"Sod of confusion"...yep, I am off to an interesting start in 2024.
Loosely translated this means crazy earth. But in Irish culture and usage, it is a phrase meant to communicate losing one’s way. It is about being on a path, and then due to craziness, confusion or some other distraction, losing one’s way in this life.
It can be literal, like you literally lose your path due to choices you made while distracted, insane or consumed by your own thoughts. Or it can be more metaphorical...
I love the phrase because it allows for there to be a connection between earth (the literal path) and our emotional states. And how we can be walking the walk, and still, despite faithfulness and intention, become lost to ourselves and others.
And I thought it would be nice to start off 2024 with this idea that despite our faithfulness to our path, it is easy, and not uncommon, to allow the descent of madness, calamity, circumstance and missteps to cause us to lose sight of the road ahead. We know where we want to go, but momentarily, we lose our way and that causes us to become way more lost than we intended. It isn’t that we stray so far from our intended path, it is just that a moment comes and because we are distracted, we lose our way.
And fuck if I can’t relate to that. I have become so lost in my life at times that it has become almost commonplace. And I have come to accept that these moments provide me opportunities to reflect, regroup and realign myself. Always with universal will, as my will has proven faulty and incredibly painful.
In May of the coming year, I will return to Ireland after an almost 30 year hiatus. And so I love this phrase as a good omen for my future. It has been important to me to return to this land for years. I was supposed to go in 2020 but that didn’t happen. The whole purpose of the entire trip is to become lost, have no plans and just allow the story of life to lead me onto the next location. I will have no plans, I will have no reservations. I will have a car and time. And that is the entire path, to rid myself of the hustle and bustle. To untether myself to timetables and schedules and routines and to allow myself to tread on the sod of confusion as a means back to myself.
I did this drunk in 1989. I will do it sober in 2024. No plans, no agenda, the only path I will follow is the one that is laid before me moment to moment. Committed and dedicated to the losing my way so that I may become more clear about the path I tread moving forward.
I think this is also a good metaphor for 2024. How often in this life have I been so sure of where I am headed, only to find that I was never meant to arrive at my targeted destination at all. It is good to make plans. It is good to set intentions, but life is unpredictable and I find that I am happiest when I am in the day, walking whatever path presents itself in the moment.
I find myself not being able to ever really lose my way...the way appears each day as I wake and begin. It is often not the path that I intend, or sometimes the one that I even want, but I do my best to be faithful to it nonetheless.
My life does not look the way I thought it would at 54. And I am so grateful. This life I have today is amazing and wonderful and I honestly wouldn’t change a thing. I am content being single. I am happy with my own company. I love my family, my kids, my friends and pets. I love my work and being of service. I am grateful to be sober and to have this life I have right now, nothing missing, nothing needing to be added.

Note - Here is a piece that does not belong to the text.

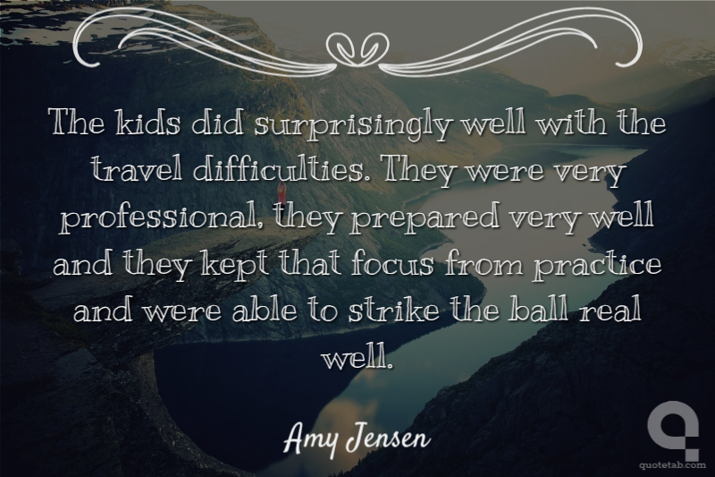 The kids did surprisingly well with the travel difficulties. They were very professional, they prepared very well and they kept that focus from practice and were able to strike the ball real well.

So as I rise on this first day of this new year, I find myself awash in gratitude for this time, this life and this path. And while I KNOW my craziness will lead me astray, I enter this year with this complete belief in the inherent GPS and guidance that lives deep within my soul. I cannot be lost, so long as I remain faithful. Faithful to the path of being of service to others and to doing my best to live a life that provides for me, by walking a path of showing up for others. In my life, in my work, in my relationships, in love, in everything.
I have tread the sod of confusion for so long...and now it appears that the long walk is the best gift. My path has many offshoots and switchbacks. But it always returns to me God and to myself. And that journey is all about love. Again. Still.